↓

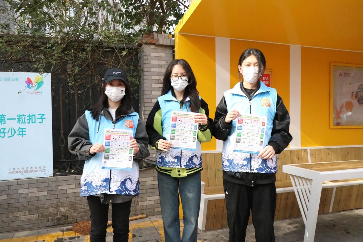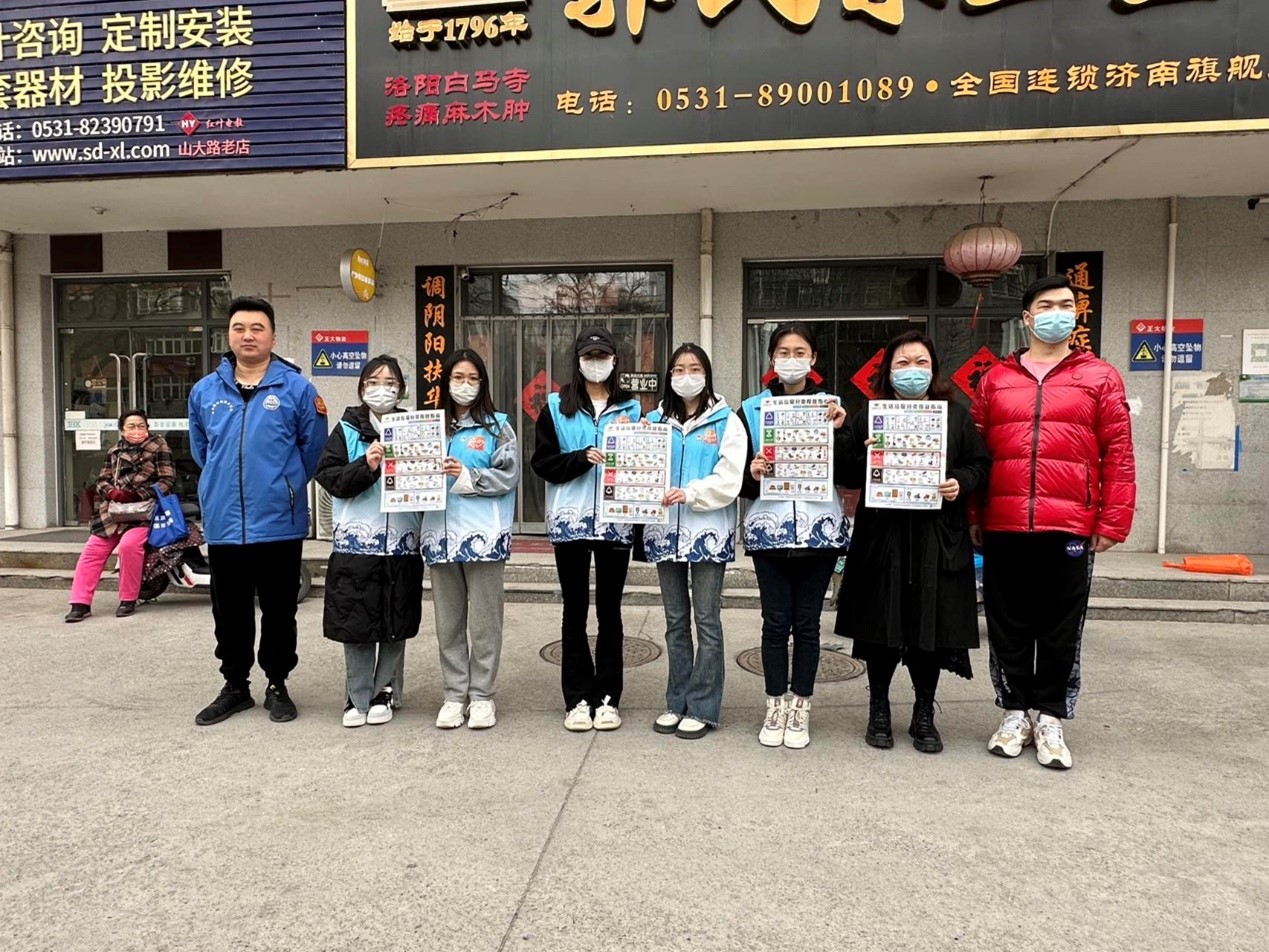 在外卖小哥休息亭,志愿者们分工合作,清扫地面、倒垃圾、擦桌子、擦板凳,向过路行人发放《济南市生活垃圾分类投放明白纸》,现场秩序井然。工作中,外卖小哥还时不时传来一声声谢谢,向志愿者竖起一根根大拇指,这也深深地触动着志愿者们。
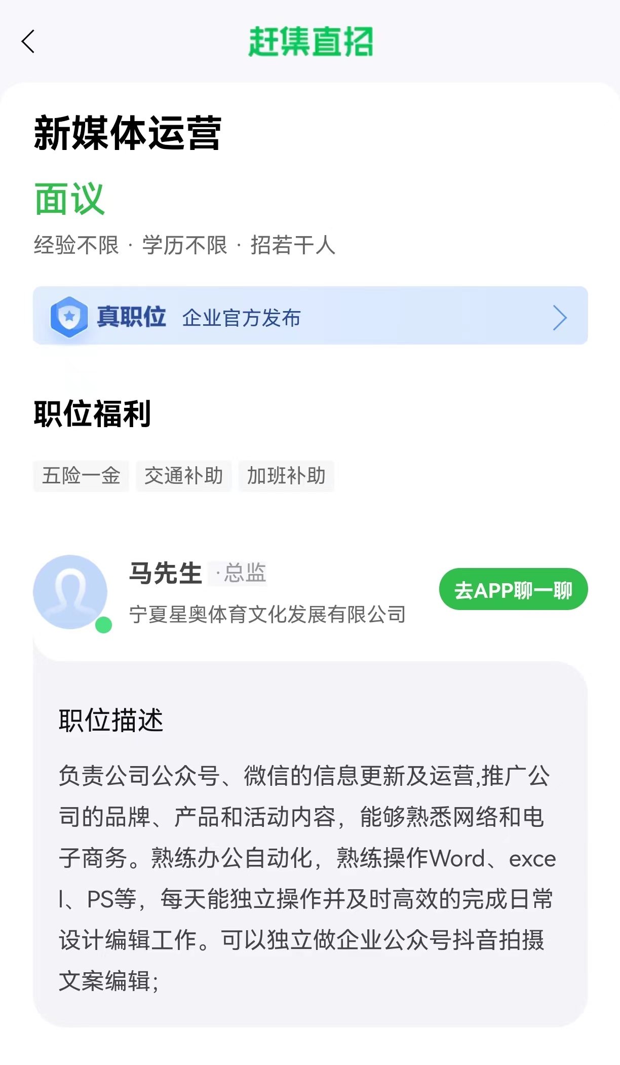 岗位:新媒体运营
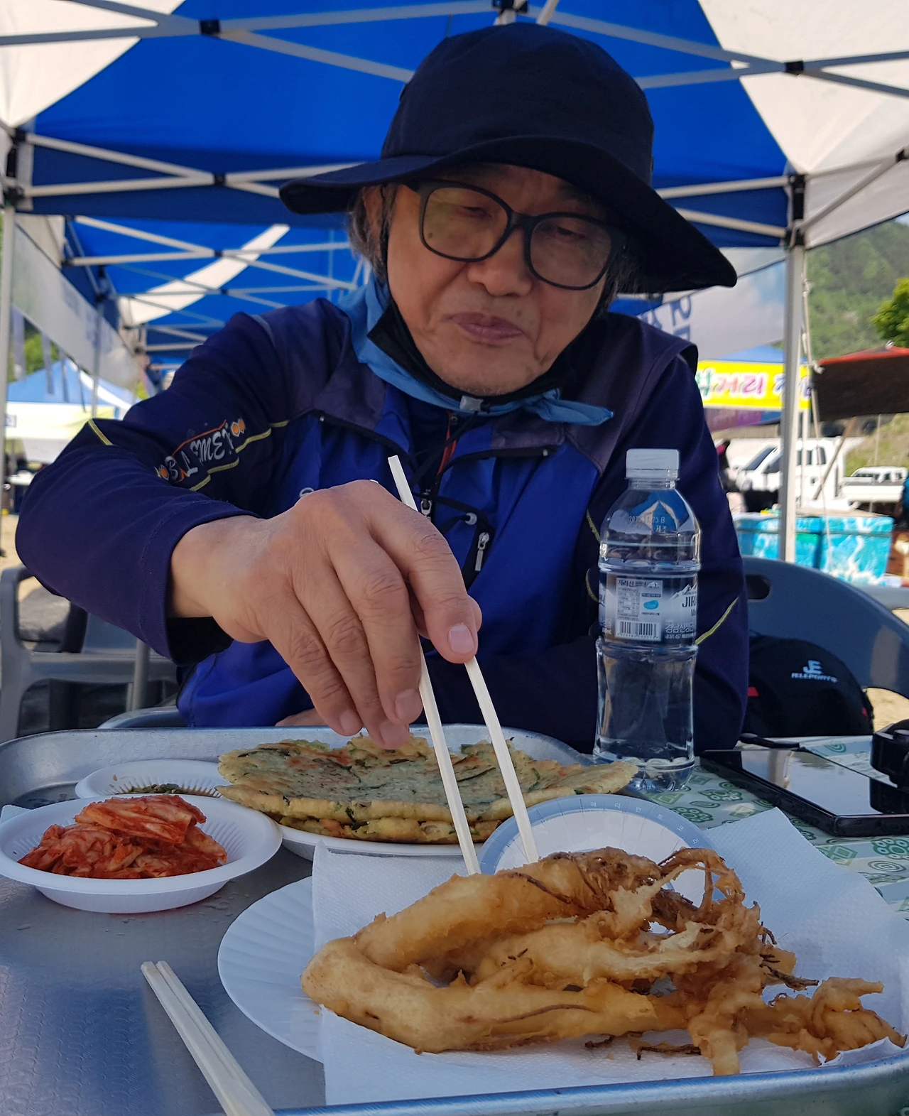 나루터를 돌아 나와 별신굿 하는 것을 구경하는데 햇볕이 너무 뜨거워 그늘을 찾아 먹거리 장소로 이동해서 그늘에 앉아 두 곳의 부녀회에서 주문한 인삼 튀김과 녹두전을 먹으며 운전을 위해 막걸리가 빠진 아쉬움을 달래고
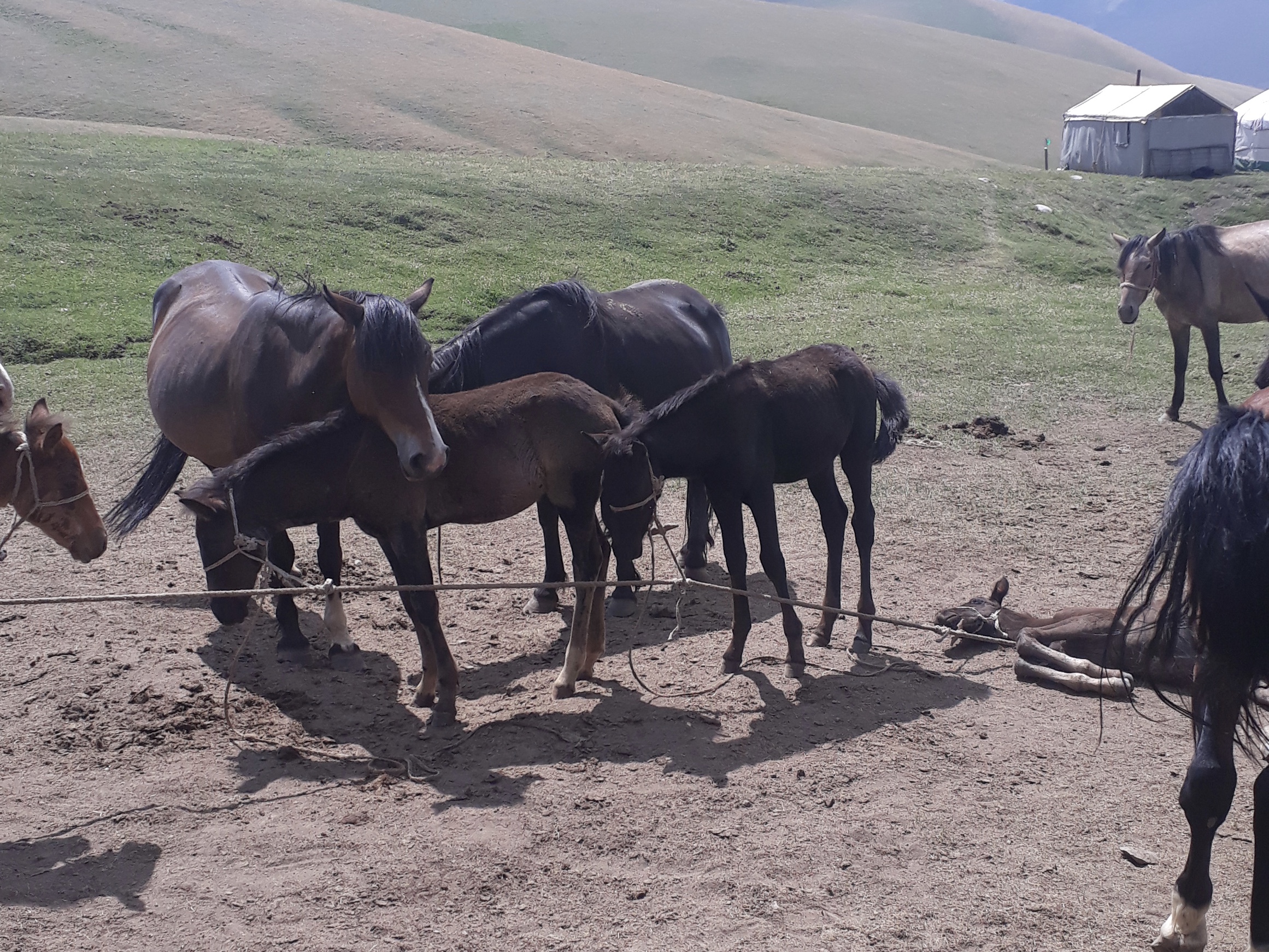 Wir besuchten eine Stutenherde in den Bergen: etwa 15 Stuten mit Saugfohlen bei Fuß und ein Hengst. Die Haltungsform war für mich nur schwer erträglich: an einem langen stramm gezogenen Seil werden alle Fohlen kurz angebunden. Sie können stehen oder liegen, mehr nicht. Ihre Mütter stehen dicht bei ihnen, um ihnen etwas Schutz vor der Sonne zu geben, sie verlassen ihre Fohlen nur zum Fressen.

↑
↓

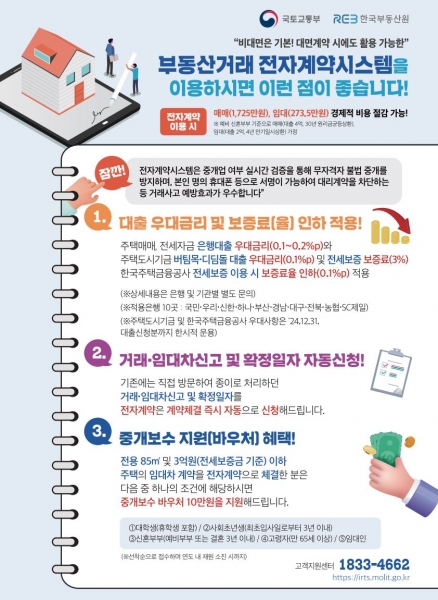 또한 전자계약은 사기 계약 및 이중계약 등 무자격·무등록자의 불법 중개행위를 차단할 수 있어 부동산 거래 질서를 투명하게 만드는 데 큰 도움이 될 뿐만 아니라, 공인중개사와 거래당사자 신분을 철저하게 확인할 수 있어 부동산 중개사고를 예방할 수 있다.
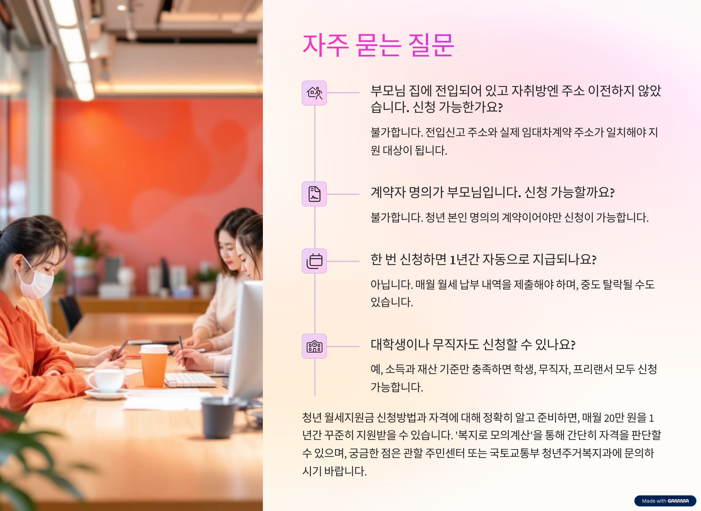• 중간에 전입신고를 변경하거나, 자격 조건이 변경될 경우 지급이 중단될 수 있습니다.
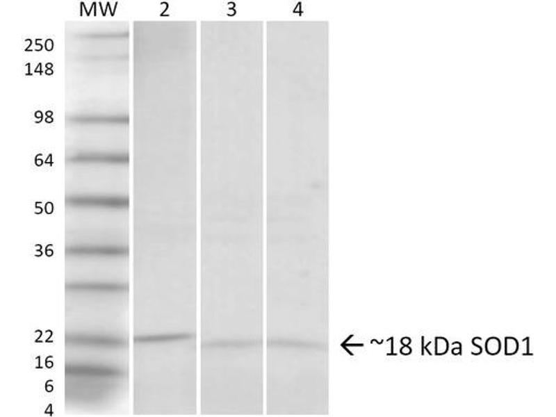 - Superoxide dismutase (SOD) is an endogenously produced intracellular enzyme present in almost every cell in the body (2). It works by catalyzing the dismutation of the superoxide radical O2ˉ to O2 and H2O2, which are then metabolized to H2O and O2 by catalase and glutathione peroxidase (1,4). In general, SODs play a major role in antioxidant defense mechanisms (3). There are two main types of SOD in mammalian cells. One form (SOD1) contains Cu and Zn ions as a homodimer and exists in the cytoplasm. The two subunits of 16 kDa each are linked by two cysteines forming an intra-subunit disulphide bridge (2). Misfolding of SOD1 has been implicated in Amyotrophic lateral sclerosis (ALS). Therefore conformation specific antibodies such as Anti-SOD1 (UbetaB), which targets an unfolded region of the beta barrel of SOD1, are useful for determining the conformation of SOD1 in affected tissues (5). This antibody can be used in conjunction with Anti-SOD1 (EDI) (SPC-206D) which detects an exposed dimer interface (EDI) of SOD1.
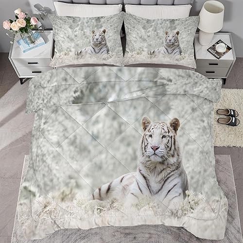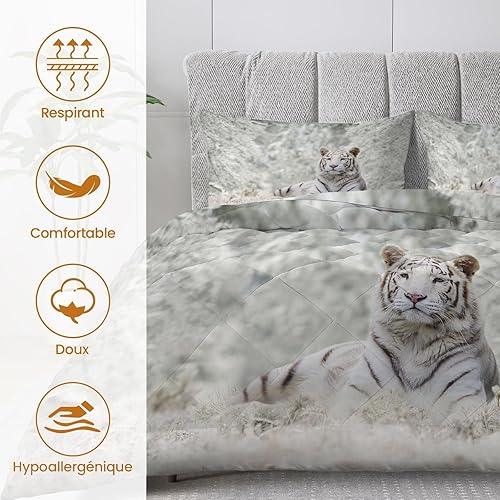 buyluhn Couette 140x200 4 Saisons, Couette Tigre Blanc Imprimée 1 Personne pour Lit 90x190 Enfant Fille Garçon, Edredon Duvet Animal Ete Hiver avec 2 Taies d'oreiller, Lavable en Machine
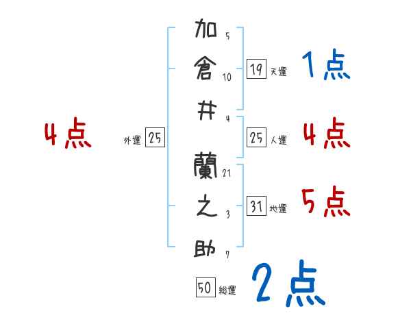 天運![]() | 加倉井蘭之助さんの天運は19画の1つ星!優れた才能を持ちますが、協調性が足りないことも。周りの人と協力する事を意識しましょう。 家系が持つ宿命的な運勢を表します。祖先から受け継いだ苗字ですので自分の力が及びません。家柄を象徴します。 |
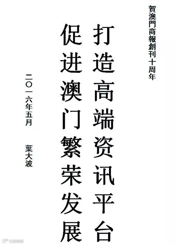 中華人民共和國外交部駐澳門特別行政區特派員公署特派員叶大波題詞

↑
↓

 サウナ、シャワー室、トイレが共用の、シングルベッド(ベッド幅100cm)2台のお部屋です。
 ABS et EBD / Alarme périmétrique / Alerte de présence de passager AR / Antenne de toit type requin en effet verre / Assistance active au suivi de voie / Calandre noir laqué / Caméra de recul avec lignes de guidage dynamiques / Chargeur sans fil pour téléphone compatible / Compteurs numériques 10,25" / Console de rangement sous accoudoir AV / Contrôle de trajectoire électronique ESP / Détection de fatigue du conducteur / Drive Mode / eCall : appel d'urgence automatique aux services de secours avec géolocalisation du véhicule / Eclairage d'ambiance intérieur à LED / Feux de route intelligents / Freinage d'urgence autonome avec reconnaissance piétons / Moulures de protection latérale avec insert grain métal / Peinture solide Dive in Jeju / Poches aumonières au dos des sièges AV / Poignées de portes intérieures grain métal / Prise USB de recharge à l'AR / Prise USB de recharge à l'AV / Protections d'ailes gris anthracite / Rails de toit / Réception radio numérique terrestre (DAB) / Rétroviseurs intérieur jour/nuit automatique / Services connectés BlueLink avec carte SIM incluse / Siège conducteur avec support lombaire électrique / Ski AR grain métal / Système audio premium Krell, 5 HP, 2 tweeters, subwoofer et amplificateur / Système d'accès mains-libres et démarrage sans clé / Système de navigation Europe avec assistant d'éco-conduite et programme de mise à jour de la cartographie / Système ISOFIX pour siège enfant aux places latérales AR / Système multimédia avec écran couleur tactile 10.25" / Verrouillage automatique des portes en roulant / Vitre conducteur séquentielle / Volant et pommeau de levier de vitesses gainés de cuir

↑

▶ [What is required]:
Return only the stretch above from the line containing "在外卖小哥休息亭,志愿者们分" through the line containing "Wir besuchten eine", word for word and without pictures.

▶ [Task result]:
 在外卖小哥休息亭,志愿者们分工合作,清扫地面、倒垃圾、擦桌子、擦板凳,向过路行人发放《济南市生活垃圾分类投放明白纸》,现场秩序井然。工作中,外卖小哥还时不时传来一声声谢谢,向志愿者竖起一根根大拇指,这也深深地触动着志愿者们。
 岗位:新媒体运营
 나루터를 돌아 나와 별신굿 하는 것을 구경하는데 햇볕이 너무 뜨거워 그늘을 찾아 먹거리 장소로 이동해서 그늘에 앉아 두 곳의 부녀회에서 주문한 인삼 튀김과 녹두전을 먹으며 운전을 위해 막걸리가 빠진 아쉬움을 달래고
 Wir besuchten eine Stutenherde in den Bergen: etwa 15 Stuten mit Saugfohlen bei Fuß und ein Hengst. Die Haltungsform war für mich nur schwer erträglich: an einem langen stramm gezogenen Seil werden alle Fohlen kurz angebunden. Sie können stehen oder liegen, mehr nicht. Ihre Mütter stehen dicht bei ihnen, um ihnen etwas Schutz vor der Sonne zu geben, sie verlassen ihre Fohlen nur zum Fressen.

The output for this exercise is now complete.